Source: I was one of those 80s kids. It’s not something I’m proud of, but writing bots to troll message boards and scrapers for porn and warez played just as significant role in my journey into my IT profession as writing games on 8bit micros.
And everyone was in on it. We were all trolling, and being trolled, and perfectly well aware of what trolling was. But now people deliberately target and exploit the vulnerable on the internet.
As for security, that was always an issue. Malware, denial of services attacks, etc aren’t a recent phenomena. And hacking was so prevalent that even Hollywood caught wind, hence the slew of hacker movies in the 80s and 90s (Wargames, TRON, Hackers, Anti Trust, Swordfish, Lawnmower Man, and so on and so forth).
The problem isn’t that internet etiquette has gotten worse. The problem is that there is so much more online these days that the attack surface has grown by several orders magnitude. Like how there’s more road accidents now than there was in the 70s despite driving tests progressively getting tougher (in most countries). People aren’t worse drivers, there’s just more roads and busier with more vehicles.
Early 2000s, public channel on a LAN with ~3k people in a post soviet country – say something stupid to a wrong person and you'll find yourself with a broken nose, because the guy/gal is a friend of the admin.
I was just responding to the generalisation made by the GP.
I typically have busy but important channels muted with a carve out for @mentions, watercooler channels are just muted but I check on them a few times a day.
There's nothing new here, there's no problem to solve. Doesn't matter if you're anonymous or publicly identifiable. 90% of people don't contribute, they just consume. 9% contribute occasionally. And 1% are regular contributors.
The 1% or 90-9-1 rule is pretty well known.
https://en.wikipedia.org/wiki/1%25_rule
I think this is merely the shift from doing this as a hobby, to doing this for work. Random coding problems mixed with banter I posted or answered on IRC back in the day? Purely hobby stuff, things I done after school instead of doing my homework. No stakes beyond the community itself, I could disengage at any moment, nobody would care - there was no commitment of any kind involved.

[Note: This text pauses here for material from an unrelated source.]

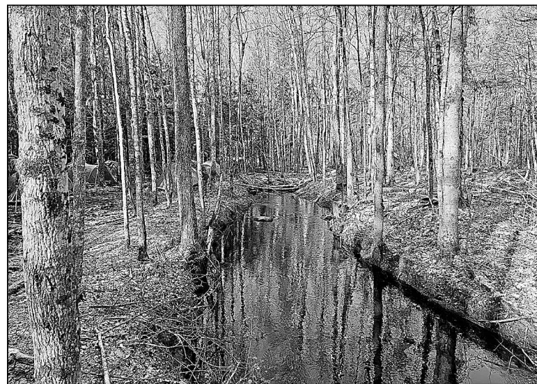
Погода была непредсказуема и изменчива.

Количество членов поискового отряда «Аэлита» растёт. Ребята из Московской школы стали активно интересоваться поисковым движением, а это значит, что все не зря. Ребята осознают значимость и важность работы по со-

Today? Even if we switched back from Slack/Teams/whatnot to IRC, the fact remains, the other people are my co-workers, and we're talking about work, and it's all made of commitments and I can't disengage, or else I starve.
That changes the dynamic quite a bit.
Smartphones changed that with Youtube and Facebook. Youtube incentivized you to use a Google account, and Facebook wouldn't let you use it anonymously without an account. Because you could use one account to log into multiple places people could track you across websites. People could make archives, screenshots, and transcriptions of anything you had done with those linked accounts. With this change there was no safe corner to hide if you said something stupid. And because so many people were foolish enough to tie their real identities to these online accounts with their real names or pictures of themselves, it gave a way for particularly unruly people to track these individuals even offline. There was now a real danger if you said something stupid, because instead of just getting your post deleted or starting a derailment in the thread people could harass you at your home, get you fired, and even send the police to terrorize you in the middle of the night via SWAT raids. It's no longer just one person calling you out. It's now hundreds, maybe even thousands, all armed with information.
And this is why I say it's stupid to require phone numbers and real names to sign up for insignificant things like being able to view someone bake a duck shaped cake live over the internet.
There's not need for 'not sure' or 'somehow' - when average IQ is 20-30 points higher, life is better.
I certainly hope that was a tongue in cheek joke.
It’s great to be open about gaps in what you know, but it’s also important to follow through and close those gaps. Especially if you’re interested in writing about a topic to help people understand.
A good reminder that everything we say/hear/write/read exists in the unseen context of all the things we believe we should not say.